☑️ 26年度成長率の中央値を1.0%に上方修正
☑️ 物価上昇率は一時鈍化も基調的な強さを維持
☑️ 見通し通りなら政策金利の引き上げを継続
日本銀行は2026年1月23日、「経済・物価情勢の展望(展望リポート)」を公表しました。
先行きの日本経済について、海外経済の成長回帰や政府の経済対策を背景に、所得から支出への前向きな循環が強まり「緩やかな成長を続ける」との見通しを示しています。政策委員による実質GDP成長率の見通し(中央値)は、2025年度が前年度比プラス0.9%、2026年度はプラス1.0%となり、前回(2025年10月)時点から小幅に上方修正されました。

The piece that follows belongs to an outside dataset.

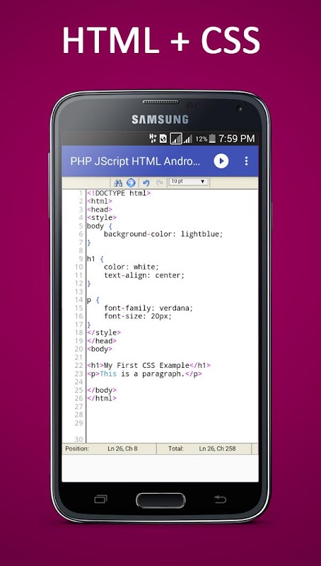 PHP JavaScript HTML and CSS IDE For your Android Device

物価面では、消費者物価指数(生鮮食品を除く)の前年比上昇率について、政府の物価高対策や食料品価格の影響減衰により、2026年前半には一時的に2%を下回る水準まで縮小すると予測しています。一方で、賃金と物価が相互に作用して上昇するメカニズムは維持されており、見通し期間の後半には「物価安定の目標」と概ね整合的な水準で推移すると分析しています。
金融政策運営については、現在の実質金利がきわめて低い水準にあると言及しています。その上で、経済・物価の見通しが実現していく場合には、「引き続き政策金利を引き上げ、金融緩和の度合いを調整していくことになる」との考えを改めて示しました。リスク要因としては、各国の通商政策や金融・為替市場の動向などを挙げています。